Instructions to follow: Write out the lines below exactly, beginning at the one with "Giao diện của" and stopping after the one with "青岛新闻网7月2日讯 (记者"; the pictures are not copied.

Records from a dataset:
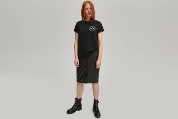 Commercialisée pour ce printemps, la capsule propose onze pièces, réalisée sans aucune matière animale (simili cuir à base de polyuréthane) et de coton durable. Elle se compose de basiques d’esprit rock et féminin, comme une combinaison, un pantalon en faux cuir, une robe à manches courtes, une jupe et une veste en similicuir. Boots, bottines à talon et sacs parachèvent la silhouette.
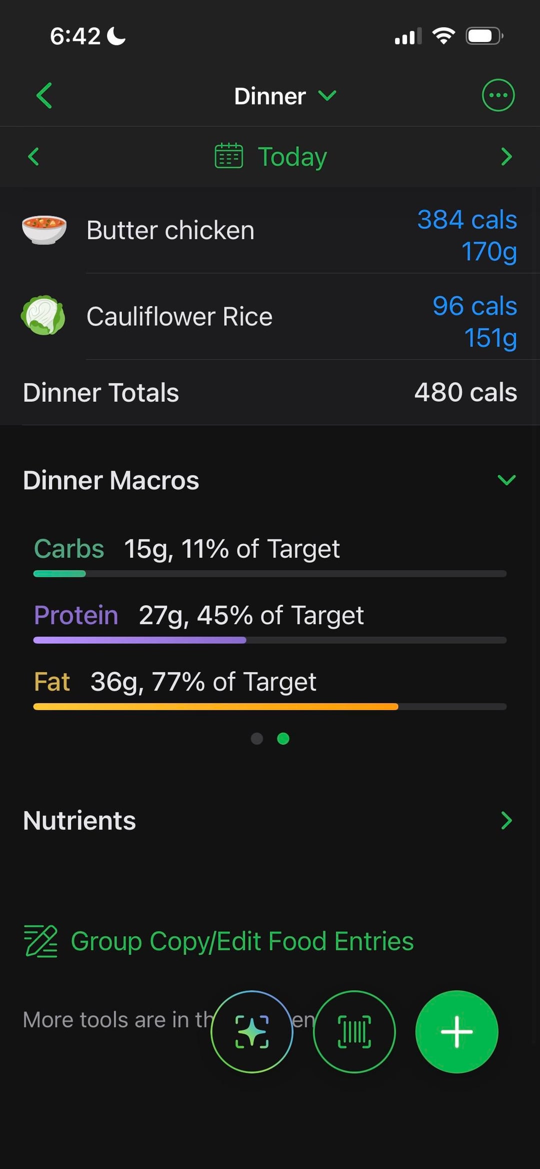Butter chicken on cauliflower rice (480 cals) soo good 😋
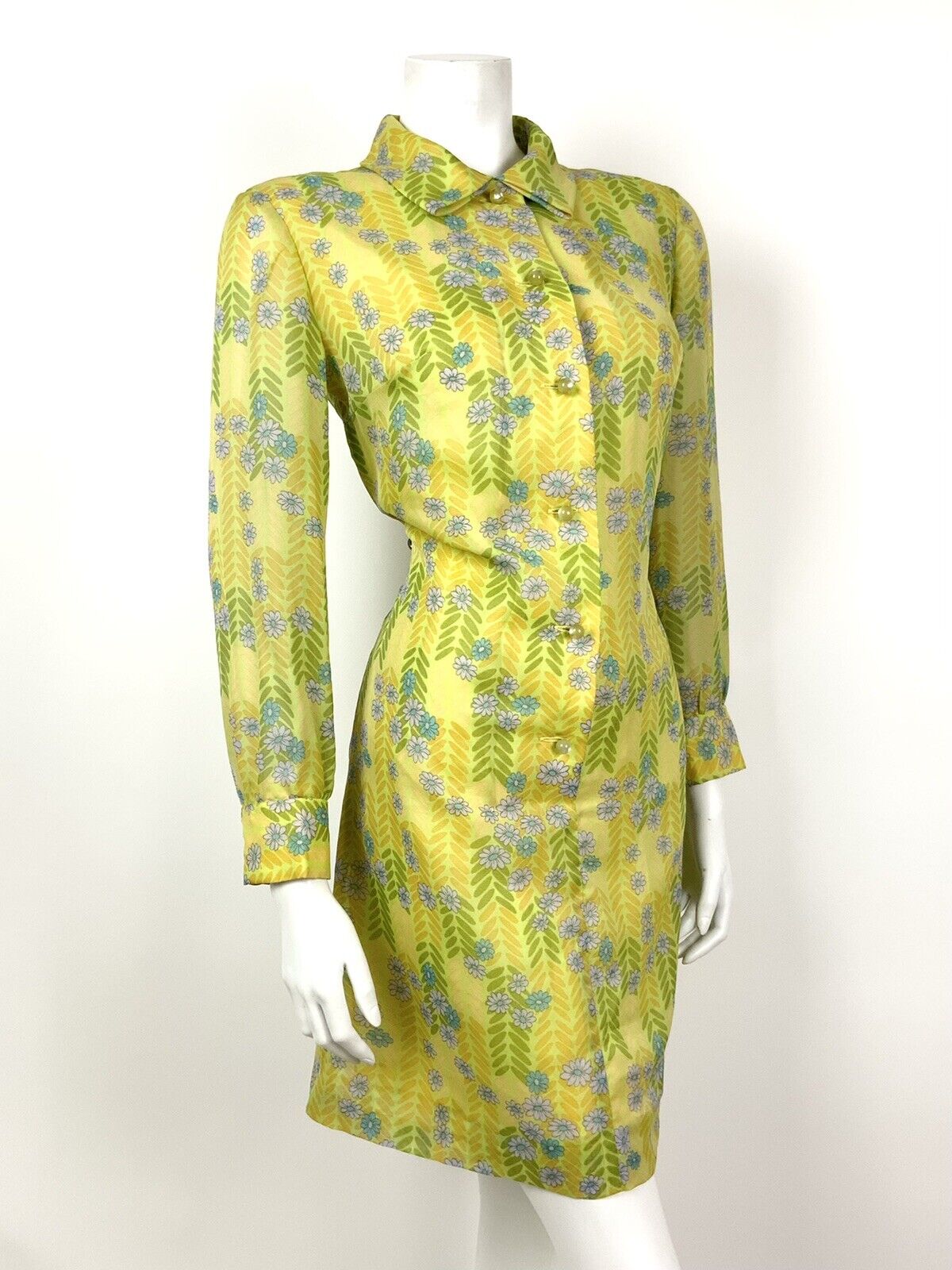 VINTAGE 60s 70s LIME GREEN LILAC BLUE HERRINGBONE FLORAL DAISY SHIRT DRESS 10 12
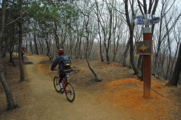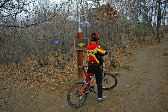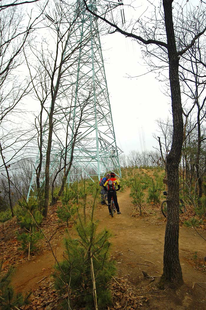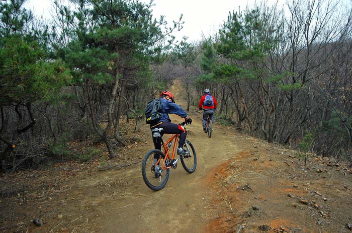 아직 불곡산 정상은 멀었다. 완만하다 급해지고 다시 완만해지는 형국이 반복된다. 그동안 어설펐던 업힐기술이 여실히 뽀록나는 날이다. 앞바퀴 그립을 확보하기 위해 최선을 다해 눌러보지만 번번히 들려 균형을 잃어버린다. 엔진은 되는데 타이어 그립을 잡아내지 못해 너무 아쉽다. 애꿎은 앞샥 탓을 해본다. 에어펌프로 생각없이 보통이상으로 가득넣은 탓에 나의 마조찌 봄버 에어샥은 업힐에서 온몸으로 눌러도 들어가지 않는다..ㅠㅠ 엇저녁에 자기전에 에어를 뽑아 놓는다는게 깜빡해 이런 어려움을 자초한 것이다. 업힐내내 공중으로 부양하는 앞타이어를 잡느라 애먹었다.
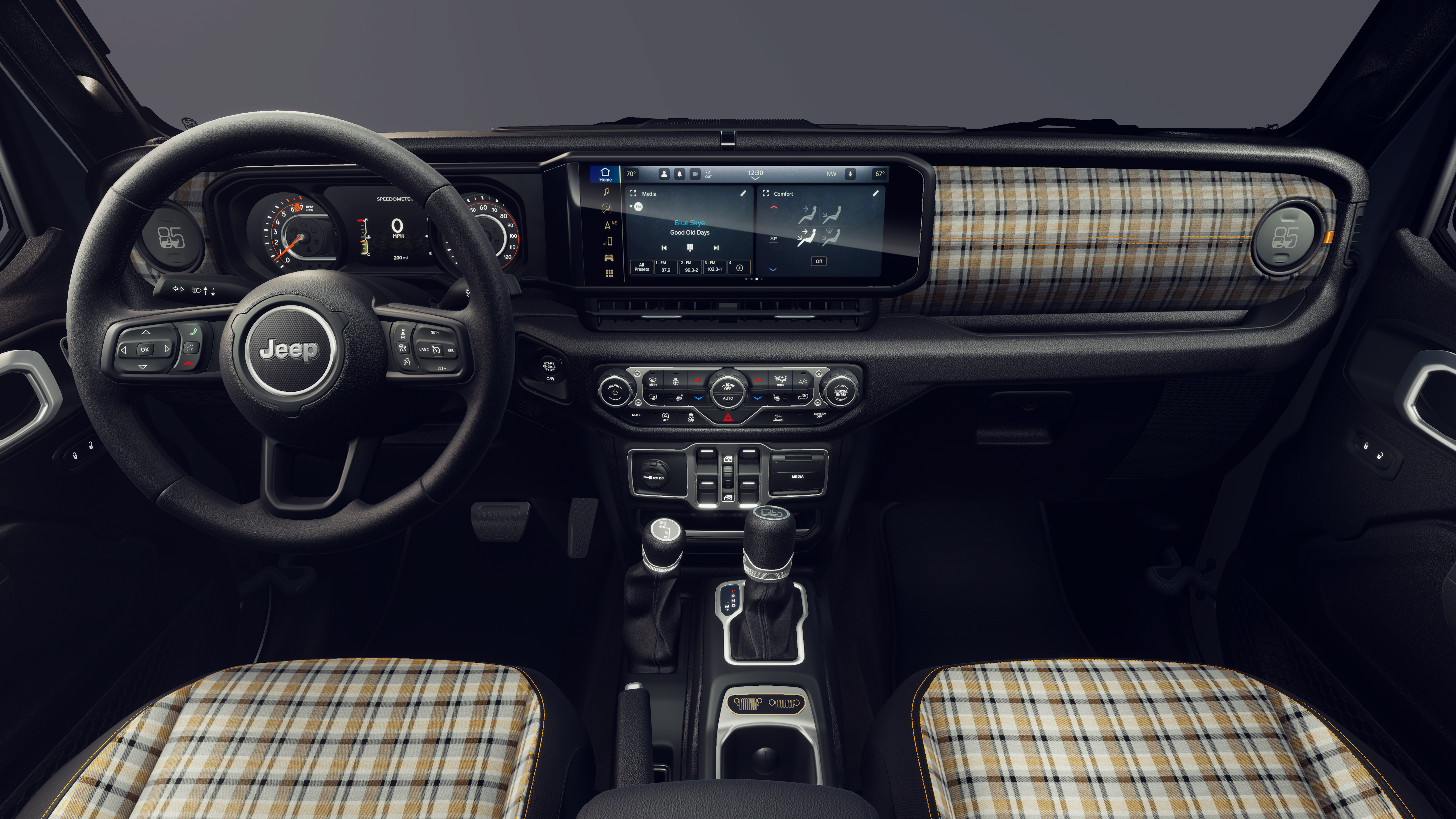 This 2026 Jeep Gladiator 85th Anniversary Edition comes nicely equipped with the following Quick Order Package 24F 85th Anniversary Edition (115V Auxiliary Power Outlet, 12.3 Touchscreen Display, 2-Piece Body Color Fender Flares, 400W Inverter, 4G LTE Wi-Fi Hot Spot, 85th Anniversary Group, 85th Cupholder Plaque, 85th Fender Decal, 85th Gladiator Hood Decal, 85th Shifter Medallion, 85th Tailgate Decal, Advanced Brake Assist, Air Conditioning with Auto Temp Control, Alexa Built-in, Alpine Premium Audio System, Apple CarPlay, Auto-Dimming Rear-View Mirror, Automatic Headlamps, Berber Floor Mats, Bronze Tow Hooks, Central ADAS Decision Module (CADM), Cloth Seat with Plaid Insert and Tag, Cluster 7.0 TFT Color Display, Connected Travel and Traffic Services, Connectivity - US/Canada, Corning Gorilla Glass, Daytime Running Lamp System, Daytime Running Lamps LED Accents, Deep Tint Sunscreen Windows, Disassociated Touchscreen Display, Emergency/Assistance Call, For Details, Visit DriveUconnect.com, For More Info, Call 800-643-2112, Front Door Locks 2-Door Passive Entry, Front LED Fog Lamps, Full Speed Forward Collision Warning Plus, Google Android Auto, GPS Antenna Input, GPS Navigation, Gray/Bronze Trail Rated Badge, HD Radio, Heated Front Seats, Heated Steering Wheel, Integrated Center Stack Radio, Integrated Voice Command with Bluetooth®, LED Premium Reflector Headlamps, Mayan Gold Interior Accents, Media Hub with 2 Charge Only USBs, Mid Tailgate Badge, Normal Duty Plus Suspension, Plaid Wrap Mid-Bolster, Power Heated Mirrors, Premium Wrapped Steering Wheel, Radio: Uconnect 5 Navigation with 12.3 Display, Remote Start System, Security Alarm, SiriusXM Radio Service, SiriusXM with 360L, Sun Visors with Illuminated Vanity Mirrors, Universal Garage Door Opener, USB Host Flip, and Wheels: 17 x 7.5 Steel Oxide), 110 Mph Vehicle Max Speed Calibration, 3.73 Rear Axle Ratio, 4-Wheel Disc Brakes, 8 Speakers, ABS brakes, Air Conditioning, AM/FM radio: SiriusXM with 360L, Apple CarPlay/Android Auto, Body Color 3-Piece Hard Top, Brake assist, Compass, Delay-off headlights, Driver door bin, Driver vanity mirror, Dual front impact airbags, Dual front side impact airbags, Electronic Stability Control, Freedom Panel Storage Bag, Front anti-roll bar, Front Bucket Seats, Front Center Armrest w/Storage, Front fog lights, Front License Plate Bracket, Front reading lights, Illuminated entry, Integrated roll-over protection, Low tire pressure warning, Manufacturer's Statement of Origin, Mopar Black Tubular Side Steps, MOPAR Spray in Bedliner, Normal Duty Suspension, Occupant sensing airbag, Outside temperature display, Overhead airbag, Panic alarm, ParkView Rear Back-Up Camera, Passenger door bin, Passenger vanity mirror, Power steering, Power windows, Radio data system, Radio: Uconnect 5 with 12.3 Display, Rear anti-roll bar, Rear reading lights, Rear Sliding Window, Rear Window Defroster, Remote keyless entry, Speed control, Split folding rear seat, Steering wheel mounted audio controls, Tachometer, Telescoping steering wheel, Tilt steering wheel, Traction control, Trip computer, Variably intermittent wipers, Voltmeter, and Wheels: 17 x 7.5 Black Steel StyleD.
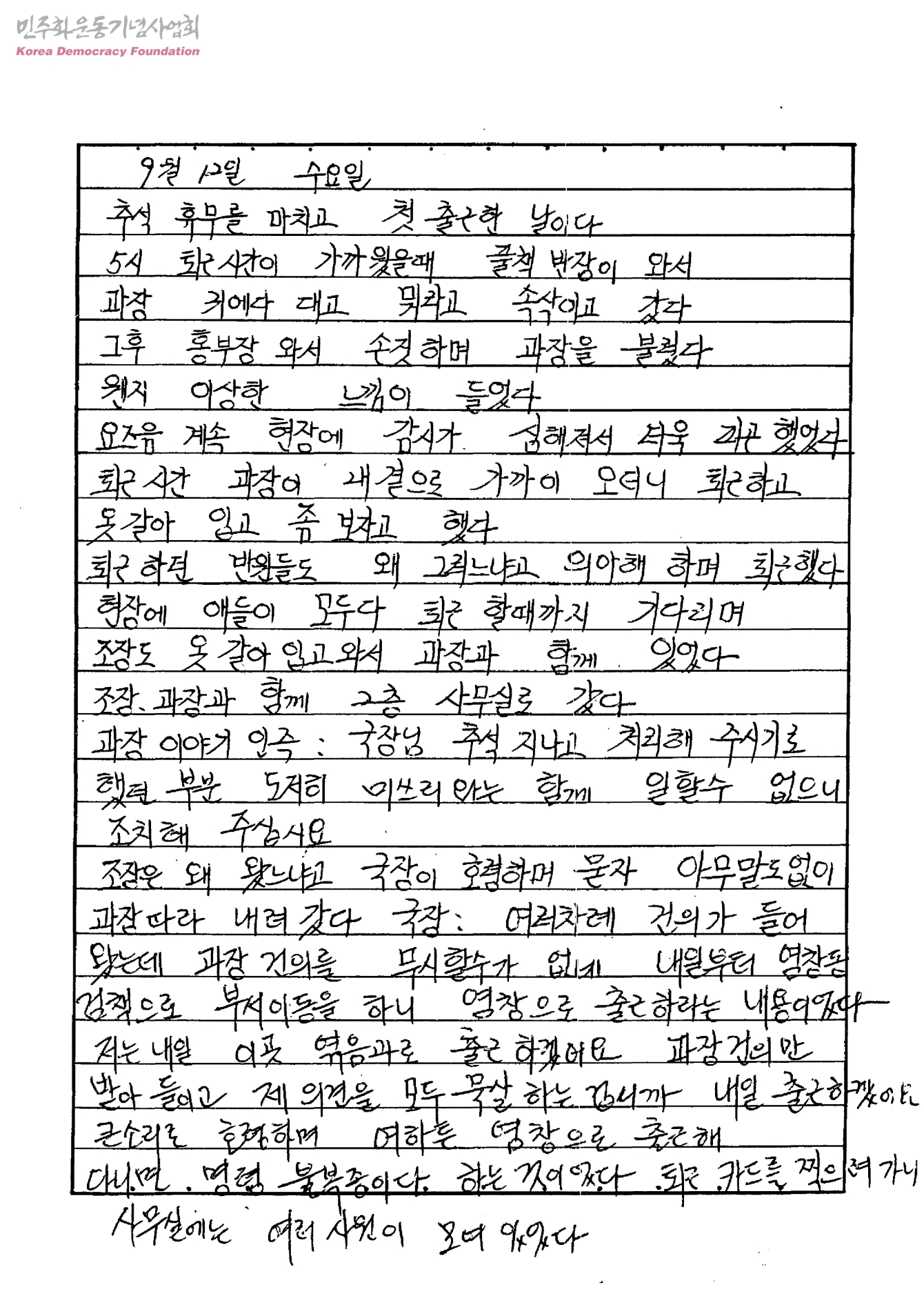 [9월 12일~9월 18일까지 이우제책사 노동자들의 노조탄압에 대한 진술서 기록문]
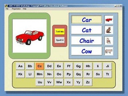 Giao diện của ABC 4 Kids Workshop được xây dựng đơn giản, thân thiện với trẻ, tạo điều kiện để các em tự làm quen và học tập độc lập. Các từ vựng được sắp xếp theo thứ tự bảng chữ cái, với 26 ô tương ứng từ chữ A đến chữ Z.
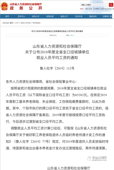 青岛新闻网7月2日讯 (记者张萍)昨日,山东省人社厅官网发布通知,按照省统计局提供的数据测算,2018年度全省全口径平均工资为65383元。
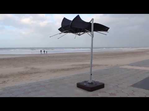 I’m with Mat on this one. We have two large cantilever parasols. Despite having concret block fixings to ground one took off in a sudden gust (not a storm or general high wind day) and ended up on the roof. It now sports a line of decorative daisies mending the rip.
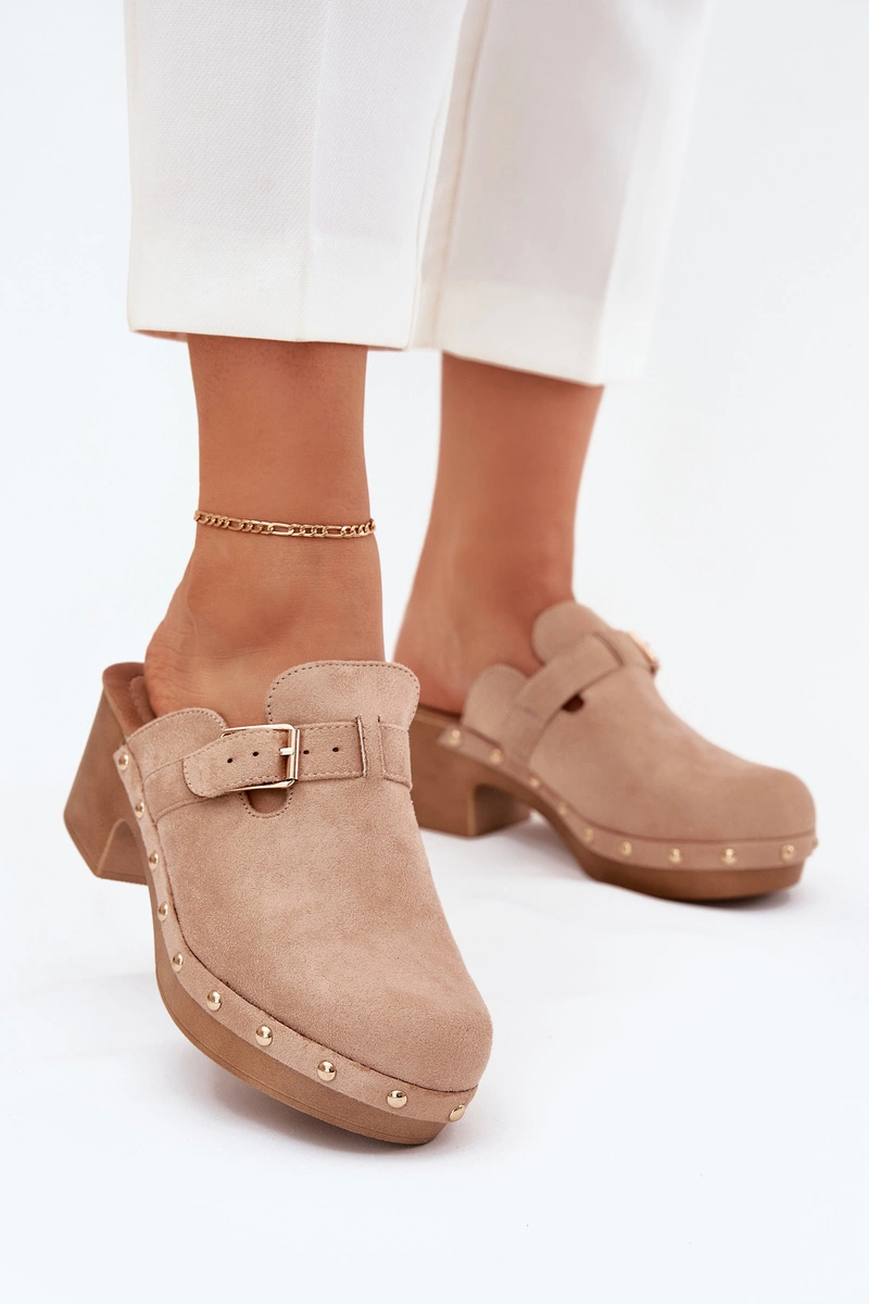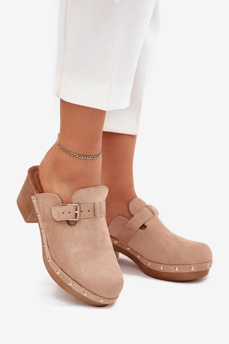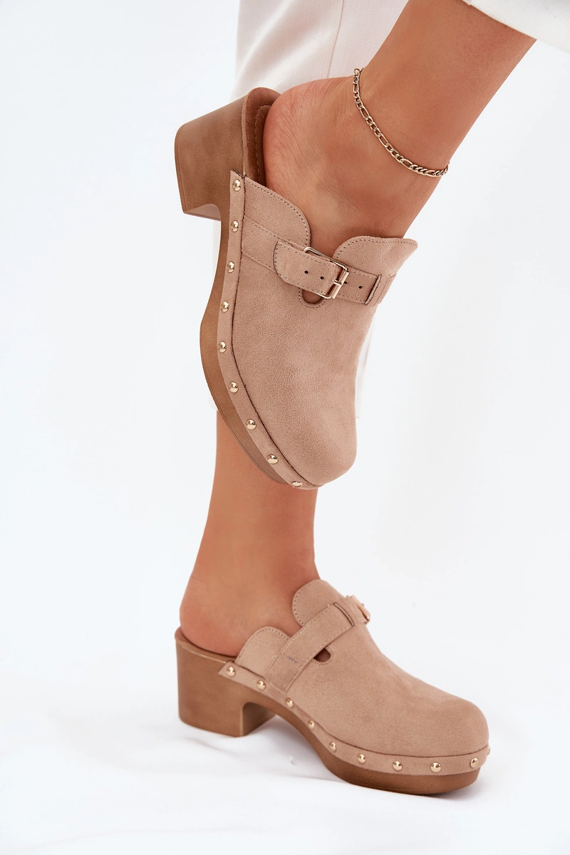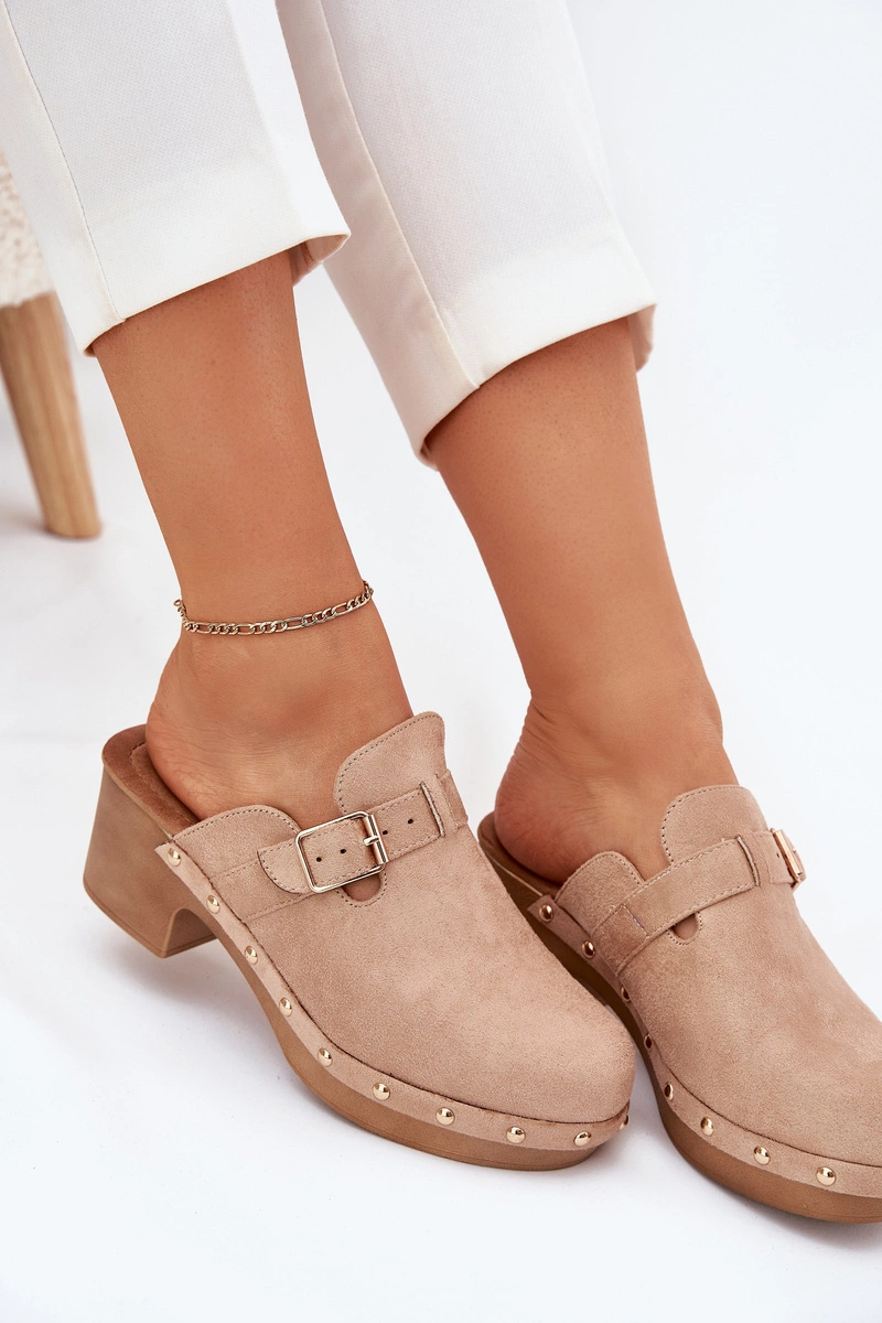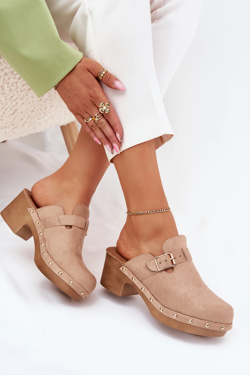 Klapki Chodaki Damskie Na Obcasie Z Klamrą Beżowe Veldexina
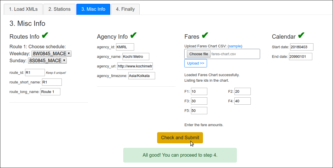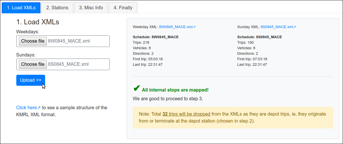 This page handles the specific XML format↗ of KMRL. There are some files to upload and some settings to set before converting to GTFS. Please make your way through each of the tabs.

Answer to the exercise:
 Giao diện của ABC 4 Kids Workshop được xây dựng đơn giản, thân thiện với trẻ, tạo điều kiện để các em tự làm quen và học tập độc lập. Các từ vựng được sắp xếp theo thứ tự bảng chữ cái, với 26 ô tương ứng từ chữ A đến chữ Z.
 青岛新闻网7月2日讯 (记者张萍)昨日,山东省人社厅官网发布通知,按照省统计局提供的数据测算,2018年度全省全口径平均工资为65383元。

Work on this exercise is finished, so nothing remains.